A mí me gustaría darles consejos útiles, como Carmen Lomana en su libro 'El glamour inteligente'. Me encantaría poseer la frivolidad necesaria para aconsejar que no se debe tener sexo en la primera cita, de qué hablar en la mesa, cómo arreglar esta o de qué forma sacarse partido.

Consejos de los que sirven: el largo de las mangas, la forma de cruzar y descruzar las piernas, cómo ahumarse los ojos, sea lo que sea esta expresión horrible, pronunciar con naturalidad, como quien acaba de llegar de Oxford y aún no se ha repuesto de la lengua inglesa, como decía un profesor en una reunión que nos dejó estupefactos.

Disculpen mi español, dijo, acabo de regresar de Londres, como si la procedencia fuera también el límite de la capacidad lingüística. (Luego nos enteramos de que solo había estado tres semanas). Y me encantaría intercalar vintage, itgirls y cool mientras procuro no excitarme en la primera cita masticando exactamente cuatro veces cada bocado en una mesa arreglada con centro floral a juego con el largo de mis mangas.

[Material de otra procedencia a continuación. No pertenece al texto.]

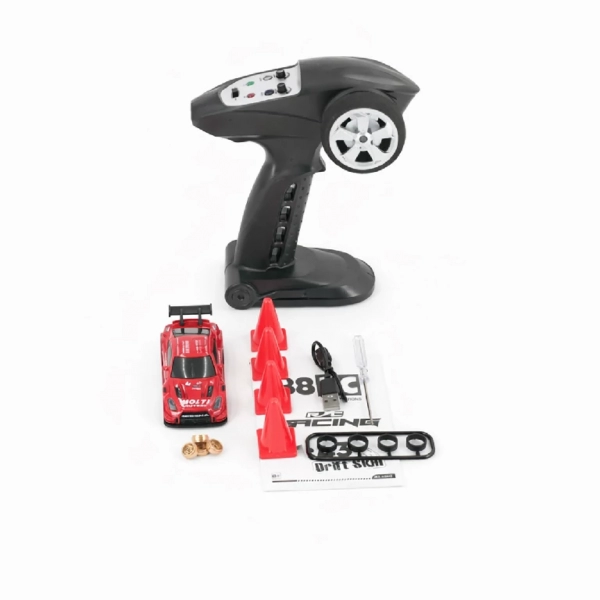Радиоуправляемая машина для дрифта с гироскопом Nissan GTR - RC43-G2-RED. Модель имеет полный привод, пропорциональное управление и выполненна в масштабе 1:43. Управление осуществляется при помощи передатчика, работающего на частоте 2,4 ГГц. В наборе также поставляются комплект запасных колес, дорожные конусы, зарядное устройство и аккумулятор. Во время движения у модели светятся фары.
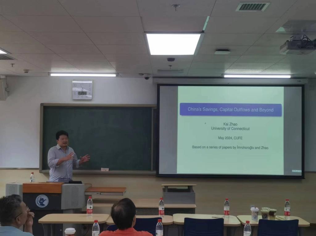 2024年5月29日上午,应中国精算研究院廖朴副教授邀请,美国康涅狄格大学经济学终身教授赵开在新葡萄8883官网AMG官网沙河校区13号楼325教室为师生带来了一场题为“China's Savings, Capital Outflows and Beyond”的精彩学术报告。学院杨再贵老师、孟辉老师、王丽珍老师、郑敏老师、刘健老师等多位教师出席,博士研究生、硕士研究生积极参与并聆听报告。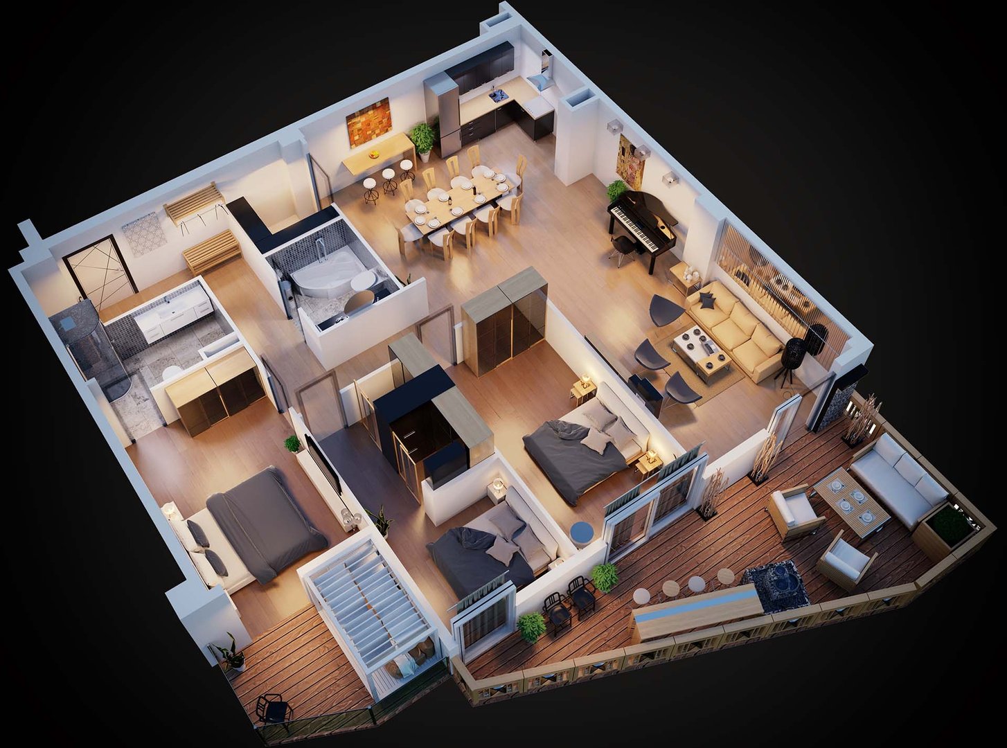 Turn confusing 2D blueprints into clear, furnished 3D top-down views. Perfect for helping buyers understand the flow and scale of a layout instantly.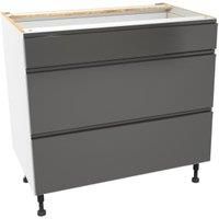 The Wickes Madison Dark Grey Gloss Drawer Unit boasts a striking dark grey gloss finish and a seamless handle-less design that embodies contemporary elegance. It not only enhances the aesthetic appeal of your kitchen but also maximises storage efficiency with It's spacious interior. This unit comes supplied with all fixtures and fittings and adjustable legs for uneven floor surfaces. Our 'Wickes Lifestyle Kitchens' range of flat-pack kitchens are available for you to assemble and fit whenever suits you.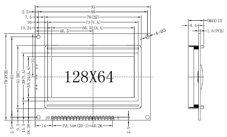 2. IC 采用矽创公司ST7920,功能强大,稳定性好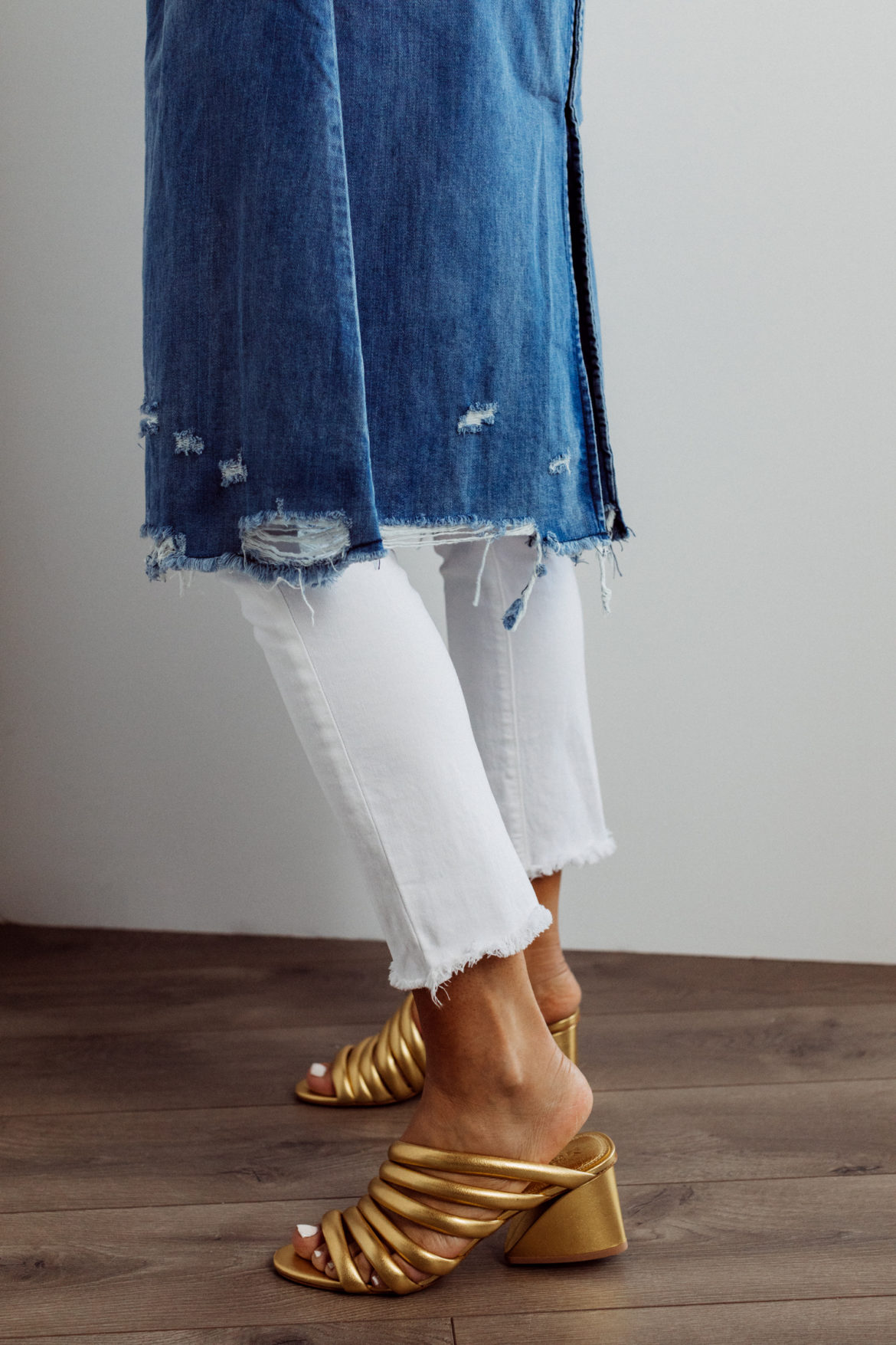 My husband said, after our last trip to NYC in June. I just saw this girl wearing the coolest trench. I asked him later what it looked like and he said it was distressed denim.

Pero no puedo, lo juro, y mira que lo intento. La realidad, tan real la pobre, salta encima y me joroba, física y psíquicamente. Para que luego digan que las metáforas no hacen daño. Tampoco puedo aconsejarles que emprendan, pero la huida, cuanto antes. No es mi estilo. No sé qué decirles. Es primavera, por fin, y eso basta. Llenen las calles, vistan como quieran, tengan sexo en la primera cita y en todas las siguientes. No arreglen flores, déjenlas a su aire. Y no se ahúmen los ojos. Llorar con ellos ahumados deja surcos indelebles, marcas tiznadas de pobreza negra que no hacen juego con nada.